What you are asked to do:
Given these entries, repeat exactly the lines starting with the one that has "香ばしいピスタチオに黒トリュフの奥行きある香りを重ねた、贅沢なスプレッド。" and going on through the one that has "Mobilcover med tegnebog", both included, but none of the pictures.

Source data:
----------

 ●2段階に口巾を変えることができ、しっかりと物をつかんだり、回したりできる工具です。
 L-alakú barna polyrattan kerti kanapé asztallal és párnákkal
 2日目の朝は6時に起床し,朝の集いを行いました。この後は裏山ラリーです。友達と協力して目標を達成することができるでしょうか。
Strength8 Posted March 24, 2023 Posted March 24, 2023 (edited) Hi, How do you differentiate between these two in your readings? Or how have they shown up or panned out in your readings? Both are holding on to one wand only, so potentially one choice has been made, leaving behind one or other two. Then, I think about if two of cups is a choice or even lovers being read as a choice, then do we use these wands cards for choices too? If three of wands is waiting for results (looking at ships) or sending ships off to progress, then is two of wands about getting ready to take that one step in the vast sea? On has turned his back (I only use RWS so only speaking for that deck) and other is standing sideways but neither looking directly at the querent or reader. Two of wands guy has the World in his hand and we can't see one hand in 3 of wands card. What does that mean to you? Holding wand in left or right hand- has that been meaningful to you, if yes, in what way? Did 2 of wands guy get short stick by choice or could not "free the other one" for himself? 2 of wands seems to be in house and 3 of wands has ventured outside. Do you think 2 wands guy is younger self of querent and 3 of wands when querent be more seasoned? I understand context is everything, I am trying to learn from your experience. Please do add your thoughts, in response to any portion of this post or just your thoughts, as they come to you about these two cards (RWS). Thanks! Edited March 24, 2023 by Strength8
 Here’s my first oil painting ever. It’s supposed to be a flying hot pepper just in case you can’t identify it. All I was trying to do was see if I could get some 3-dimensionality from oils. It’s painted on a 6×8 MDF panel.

----------

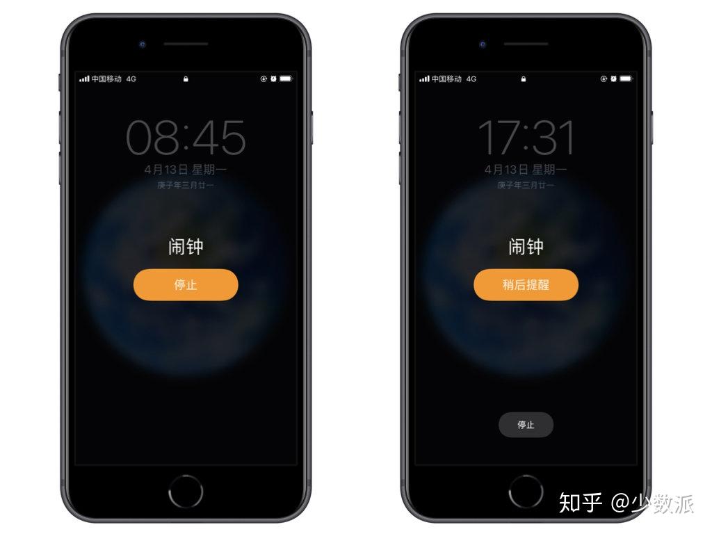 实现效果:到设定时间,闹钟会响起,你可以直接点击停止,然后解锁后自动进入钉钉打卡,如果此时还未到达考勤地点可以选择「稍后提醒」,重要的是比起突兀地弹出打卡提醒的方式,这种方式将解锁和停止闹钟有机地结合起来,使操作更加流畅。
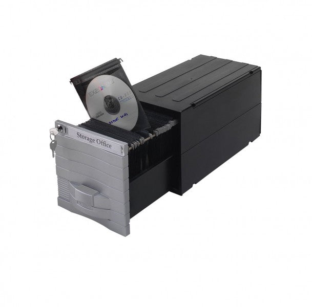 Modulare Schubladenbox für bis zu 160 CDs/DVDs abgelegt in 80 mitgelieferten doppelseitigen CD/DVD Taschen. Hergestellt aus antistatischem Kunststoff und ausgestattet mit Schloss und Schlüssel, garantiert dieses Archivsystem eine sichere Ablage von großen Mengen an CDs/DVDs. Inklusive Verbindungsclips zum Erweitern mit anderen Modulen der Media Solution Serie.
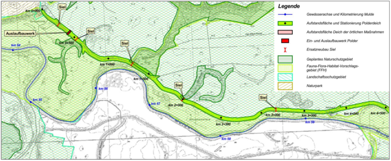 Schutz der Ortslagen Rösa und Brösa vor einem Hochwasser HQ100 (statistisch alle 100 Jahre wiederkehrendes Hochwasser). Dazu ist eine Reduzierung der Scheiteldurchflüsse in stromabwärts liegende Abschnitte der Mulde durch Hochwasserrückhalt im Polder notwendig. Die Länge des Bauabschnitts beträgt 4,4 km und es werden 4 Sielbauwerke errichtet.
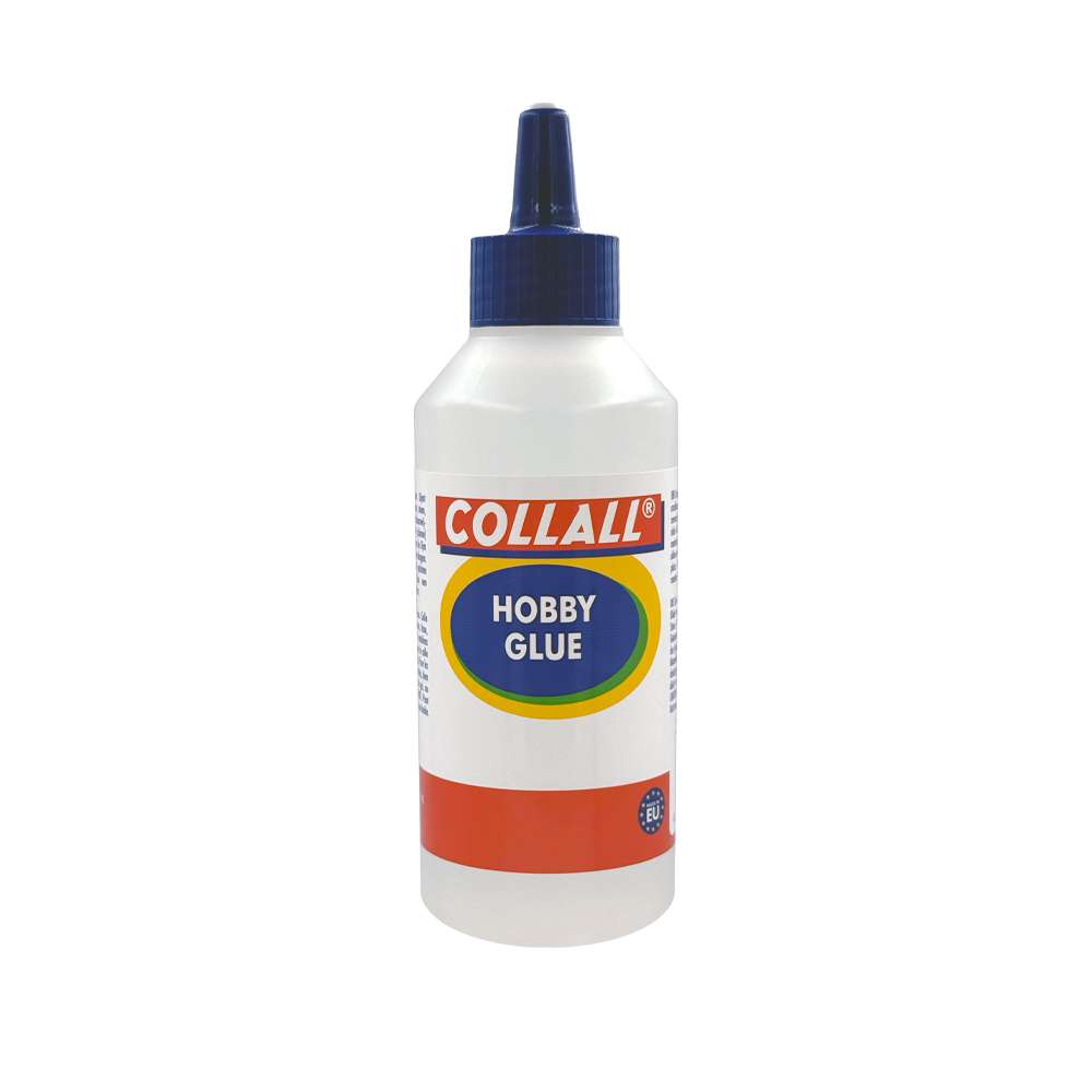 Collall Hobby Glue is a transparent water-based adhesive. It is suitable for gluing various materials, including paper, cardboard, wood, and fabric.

----------

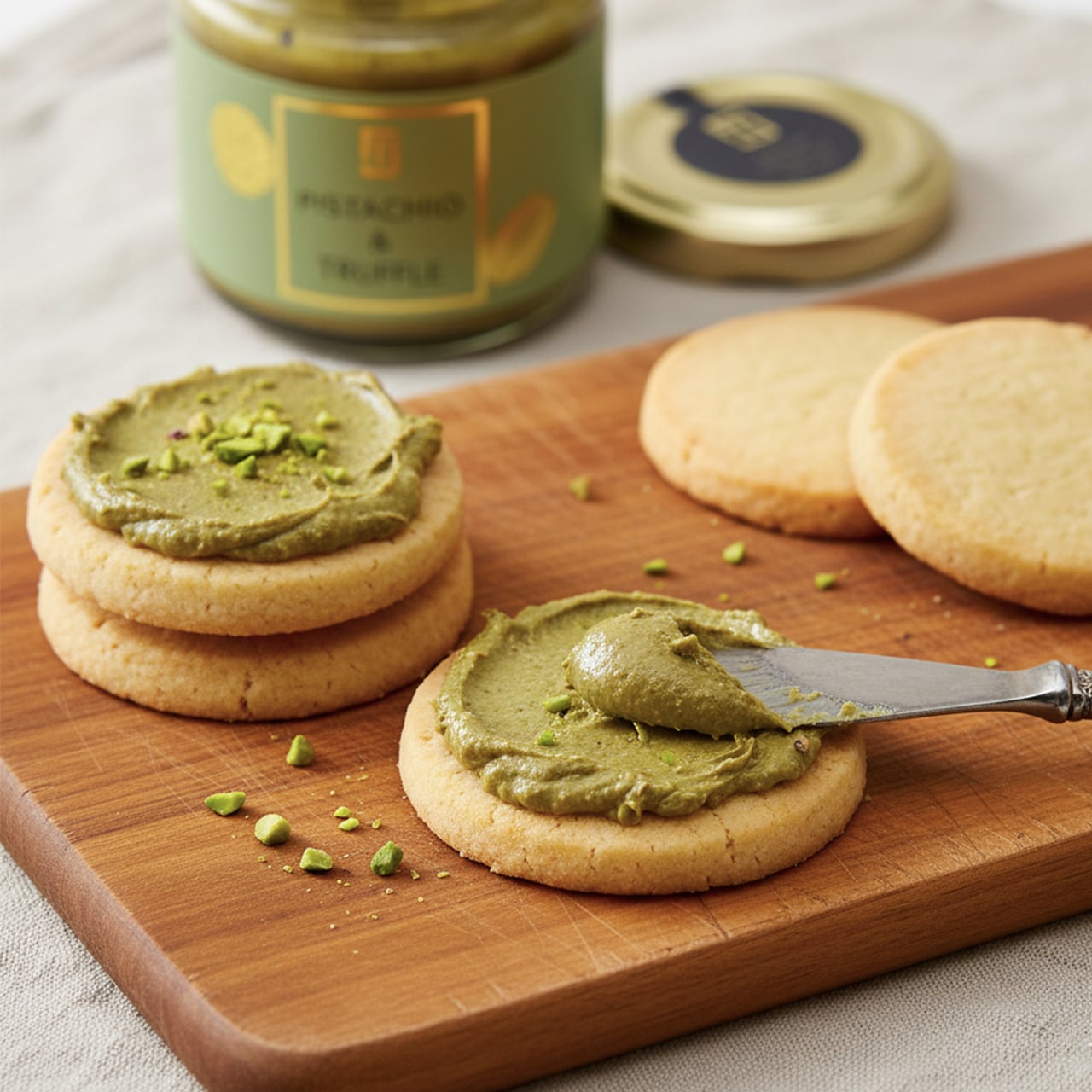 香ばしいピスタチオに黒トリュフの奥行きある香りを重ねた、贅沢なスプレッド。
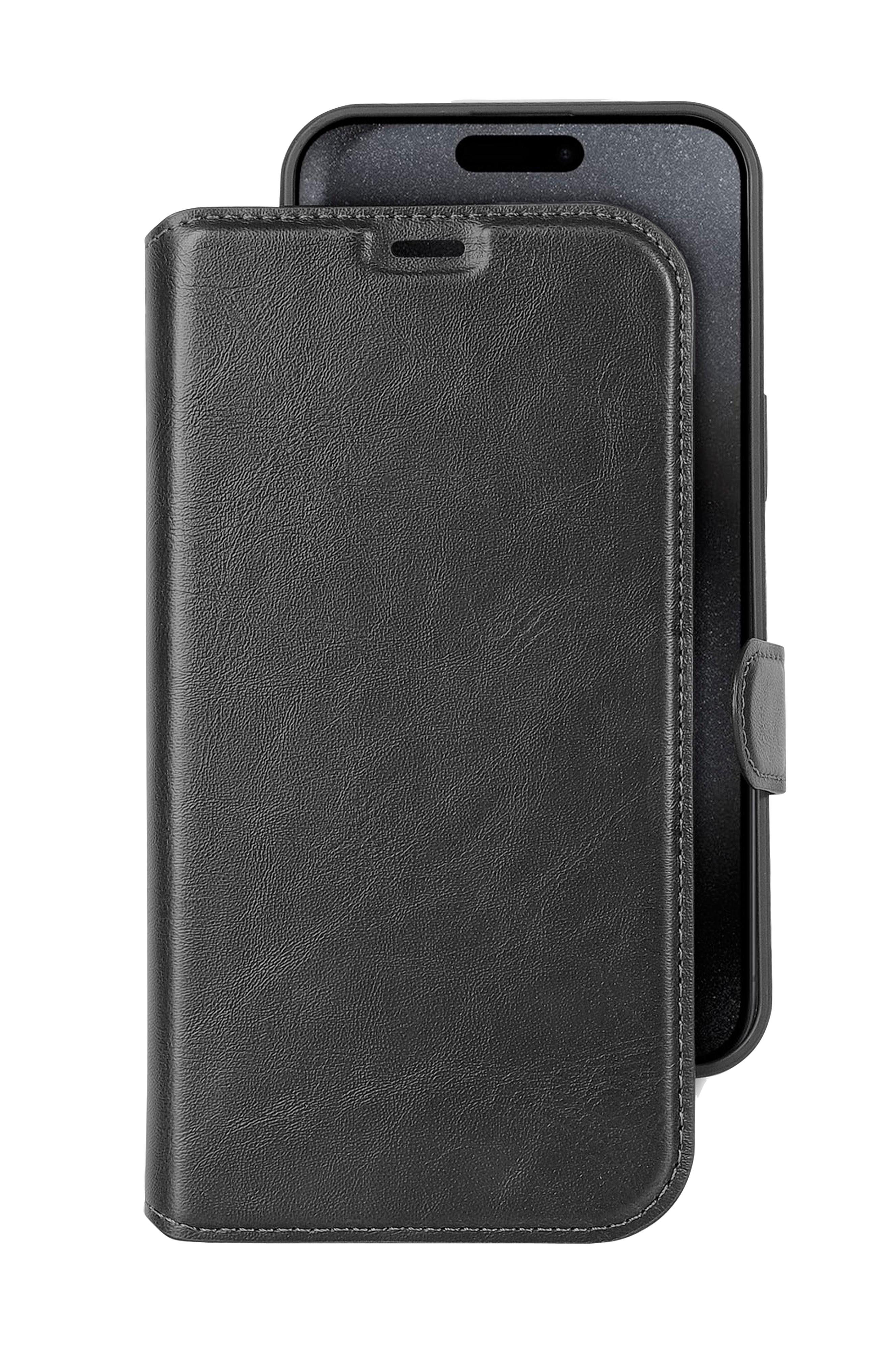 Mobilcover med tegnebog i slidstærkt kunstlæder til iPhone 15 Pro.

----------

Solution:
 香ばしいピスタチオに黒トリュフの奥行きある香りを重ねた、贅沢なスプレッド。
 Mobilcover med tegnebog i slidstærkt kunstlæder til iPhone 15 Pro.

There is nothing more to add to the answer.